- Poster
- Directed by: Rasu Madhuravan
- Written by: Rasu Madhuravan
- Produced by: Rasu Maduravan
- Starring: Sabarish Sunaina
- Cinematography: U. K. Senthil Kumar
- Music by: Kavi Periya Thambi
- Production company: Nesika Thirai Arangam
- Release date: 17 August 2012;
- Country: India
- Language: Tamil

= Pandi Oliperukki Nilayam =

2012 Indian film by Rasu Madhuravan

Pandi Oliperukki Nilayam is a 2012 Indian Tamil-language romantic comedy film written and directed by Rasu Madhuravan. The film stars Sabarish and Sunaina.

==Cast==

- Sabarish Vijayan as Pandi
- Sunaina as Valarmathi
- Soori as Soori
- Thambi Ramaiah as food-stall owner
- Singampuli as Pandi's brother and micset company's shareholder
- Karunas as Amarkalam, Pandi's rival
- Vatsan Chakravarthy as Siluva
- Raj Kapoor as Pandi's father
- K. Selva Bharathy
- Vaiyapuri as Neighbour
- King Kong as Amarkalam's assistant
- Ambani Shankar as shop owner
- Veerasamar as henchman
- Prabu as Paraman
- Devaraj
- Pandian
- Nagendran
- Madurai Market Muthu
- Pasumpon Suresh
- Periyasamy as childhood Pandi
- Bava Lakshmanan as loan giver
- Appu as Amarkalam Assistant's brother

==Production==
The film was originally titled Mike Set Pandi, but later retitled Pandi Oli Perukki Nilayam.

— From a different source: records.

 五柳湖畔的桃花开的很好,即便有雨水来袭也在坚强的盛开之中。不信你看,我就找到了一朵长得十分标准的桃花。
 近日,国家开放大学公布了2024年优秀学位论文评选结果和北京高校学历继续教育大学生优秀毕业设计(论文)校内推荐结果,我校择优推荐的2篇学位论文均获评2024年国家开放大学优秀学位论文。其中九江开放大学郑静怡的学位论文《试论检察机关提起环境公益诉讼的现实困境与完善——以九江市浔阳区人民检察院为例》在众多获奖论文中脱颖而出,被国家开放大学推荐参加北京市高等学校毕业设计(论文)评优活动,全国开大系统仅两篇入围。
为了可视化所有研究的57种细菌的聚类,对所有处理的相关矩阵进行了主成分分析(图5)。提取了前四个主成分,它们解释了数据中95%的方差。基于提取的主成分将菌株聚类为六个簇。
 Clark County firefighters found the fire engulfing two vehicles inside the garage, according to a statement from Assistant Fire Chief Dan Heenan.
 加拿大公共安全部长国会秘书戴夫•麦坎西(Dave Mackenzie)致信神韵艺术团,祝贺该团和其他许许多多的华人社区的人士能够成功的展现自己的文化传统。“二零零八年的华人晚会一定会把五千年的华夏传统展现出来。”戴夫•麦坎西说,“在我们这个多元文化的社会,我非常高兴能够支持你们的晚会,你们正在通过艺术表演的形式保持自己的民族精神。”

Shabarish, son of popular stunt choreographer FEFSI Vijayan, selected for the male lead. Singam Puli and Vatsan will be seen in important roles. Deva, Pandian, Veerasamar, Nagendran, Madurai Market Muthu and Pasumpon Suresh are selected for Sunaina's brothers role. Salman Khan's body double Prabhu plays the antagonist.

== Soundtrack ==
Songs are by Kavi Periyathambi, who previously worked with Rasu Madhuravan for Muthukku Muthaaga. The audio rights were acquired by Gemini Film Circuit & T-Series Regional.

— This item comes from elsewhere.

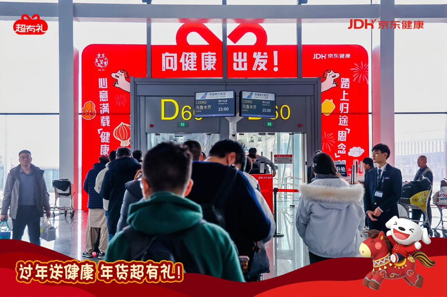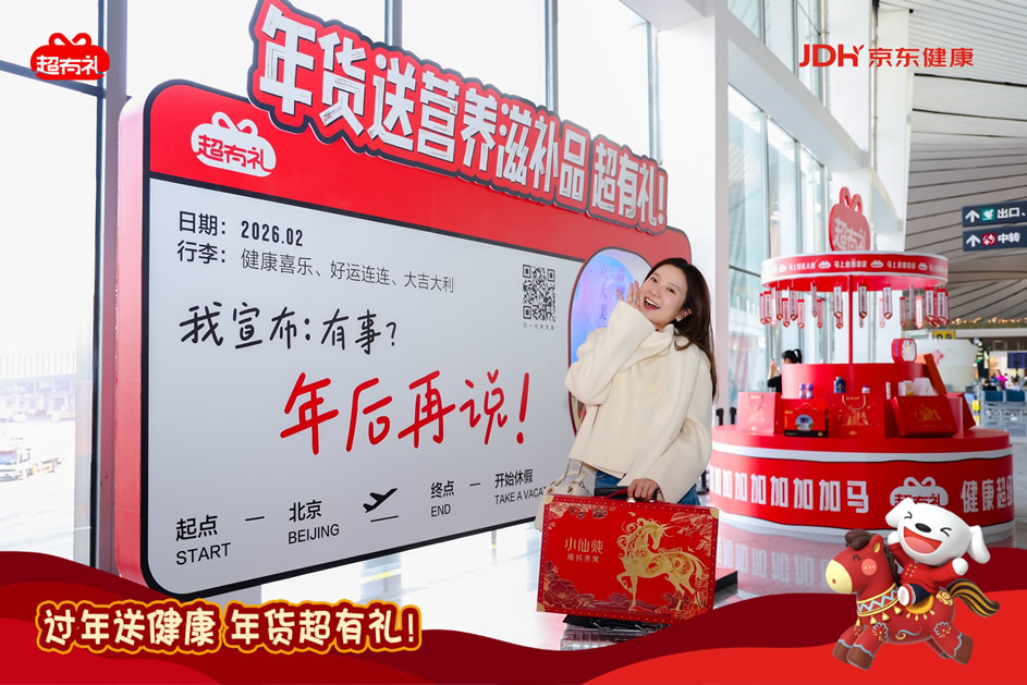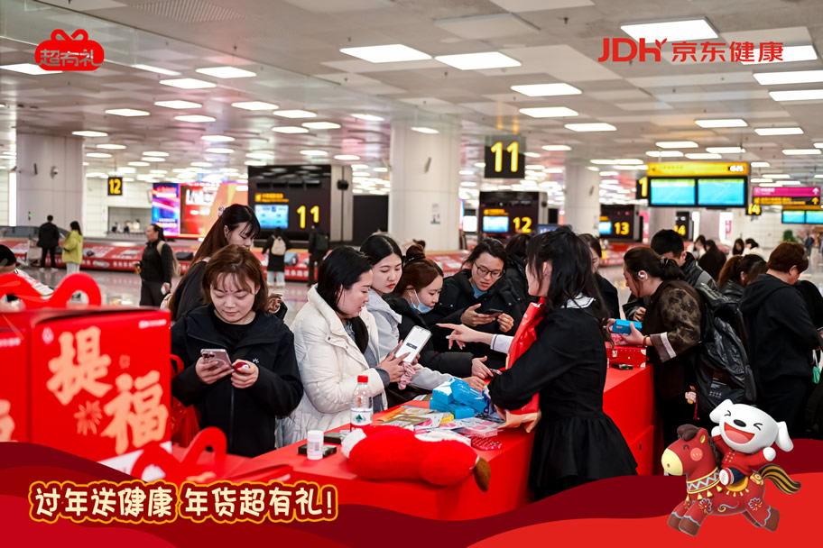 京東旅行攜手京東健康“超有禮”IP在此次年貨節(jié)中,通過全鏈路航空場景營銷實現(xiàn)了品牌與用戶的深度互動,圍繞“機場快閃—主題登機口—主題航班—行李傳送帶驚喜事件”構(gòu)建貫穿出行始終的品牌體驗閉環(huán),以創(chuàng)新的事件組合與場景融入,將健康關(guān)懷自然嵌入用戶春運旅程。這一策略高度適配春節(jié)出行場景,不僅精準(zhǔn)觸達(dá)返鄉(xiāng)、探親、商旅等多類用戶群體,更通過具象化的健康禮品派發(fā)、溫情驚喜體驗等,持續(xù)強化“春節(jié)送健康禮”的消費心智,成功將健康禮贈塑造為新年問候的情感載體與品質(zhì)之選。

| Song title | Lyricist | Singers |
| "Azhagu Saroja" | Nanalala | Mukesh Mohamed |
| "Dandanakara" | Baghyaraj, Priya |
| "Mudhal Mudalai" | Kavi Periyathambi | Prasanna, Lavanya |
| "Azhagana Nilavu" | Harish Raghavendra |
| "Kettukodi Urumimelam" (remix) | Kannadasan | M. L. R. Karthikeyan, Anitha |

== Reception==
A critic from The Times of India gave the film a rating of three out of five stars and wrote that "Although the movie is more than two-and-a-half-hours long, thanks to the comedy track it feels to be time well spent". Malathi Rangarajan of The Hindu opined that "Somewhere through the making of PON, Rasu Madhuravan seems to have lost interest, and it shows". Malini Mannath of The New Indian Express wrote, "Probably, the only watchable moment in the film is the impressively choreographed climax fight set in an Emu farm", and the film, "with nothing novel or exciting to offer, is forgettable fare". A critic from Maalai Malar gave the film a negative review.